‘Temptation’ Review: Tyler Perry, Even Sudsier and More Sanctimonious

Who better to shill for the institution of marriage than 43-year-old bachelor Perry, who uses homophobia as a punch line and HIV as a cheap plot gimmick?

Writer-director Tyler Perry has shined up another 16-ton anvil of subtlety for “Temptation,” a scold-y, finger-wagging morality tale that uses fear and shame to browbeat married women into toeing the line and behaving themselves.

And really, who better to shill for the institution of marriage than 43-year-old bachelor Perry, who uses homosexuality as a punch line (or symbol of evil decadence) and HIV as a cheap plot gimmick?

Besides being a cautionary tale told with all the finesse of a U.S. Army training film about the horrors of syphilis, “Temptation” qualifies as science fiction, since it takes place in two parallel universes: One is the recognizable world where adults have career and relationship issues, and the other is the Tyler Perry–verse of convenient coincidence, abrupt character shifts and pat homilies.

(It’s also a place where people pursue jobs like pharmacist and therapist armed only with bachelor’s degrees, but that’s another issue.)

Judith (Jurnee Smollett-Bell) and Brice (Lance Gross) are childhood sweethearts who have left their tiny Southern hamlet to pursue their dreams in Washington, D.C.: She wants to be a marriage counselor and he has dreams of owning his own small-town drugstore.
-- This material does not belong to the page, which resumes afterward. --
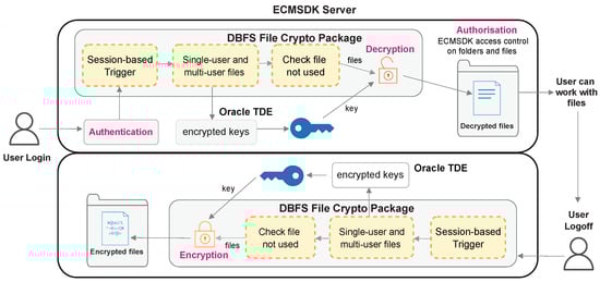 In our proposed solution, the original encrypted Large Objects (LOBs) containing the spatial files are never replaced with a decrypted version. During decryption, instead of replacing the original encrypted LOBs in the database’s permanent tablespace, the LOBs are decrypted and stored in the temporary tablespace. Oracle DBMS supports “temporary tablespaces that contain data that persists only for the duration of a user’s session” [71,72]. This permits temporary LOB datatype storage in such a way that data are not permanently stored in the database. Thus, we replace the LOB locator pointing to the original spatial file with the temporary locator that is stored in a separate ECMSDK table within the temporary tablespace. After decryption, users access, use, and update this copy of the LOB that contains the file content.

This apparently entails working for slumming TV stars, since Judith toils at a millionaire-matchmaking service run by Vanessa Williams (whose awful French accent, thankfully, winds up being intentional) and Brice pushes pills for a loud and brash Renee Taylor.

The serpent in this upright, God-fearing couple’s Garden of Eden is Harley (Robbie Jones), an internet mogul whose plans of investing in the dating service turn into a dogged pursuit of Judith’s affections; attentive where Brice is neglectful, encouraging of her ambitions where her husband advises patience, the slick, wealthy Harley is soon turning her head. (Harley dismisses Brice as “pretty regular,” which might be more convincing if it didn’t take place between two scenes in which a shirtless Gross displays his male-model physique.)

Soon, Judith is ditching her sensible shoes and dowdy ensembles for the highest heels and the tightest dresses — under the advisement of co-worker Ava (Kim Kardashian, as nasal and awful an actress as you might imagine) — and in best fallen woman fashion, Judith’s first taste of alcohol leads quickly to succumbing to Harley’s advances, and not even her literally-thumping-a-bible mother Sarah (Ella Joyce) can keep her on the path to righteousness.

Perry’s portrayals of good and evil couldn’t be more cartoonish, from Judith and Brice’s cozy apartment, in a building that might as well be called the Integrity Arms, to the adulterous bathtub romp that’s so steamy that you can barely see the lovers at all.

Smollett-Bell (whose first claim to fame was her childhood starring role in “Eve’s Bayou”) creates an interesting character at first, but by the time Perry has turned Judith into a boozy, coked-up caricature with smudged eyeliner, there’s little the actress can do to avoid matching the film’s generally ludicrous tone.

Perry deserves credit for consistently making movies about black women’s lives (and thus offering opportunities for many great, underemployed actresses), but he just can’t stop himself from shouting to the back row when a whisper would suffice. Even when compared to his other big-screen efforts, “Temptation” is a deafening sermon.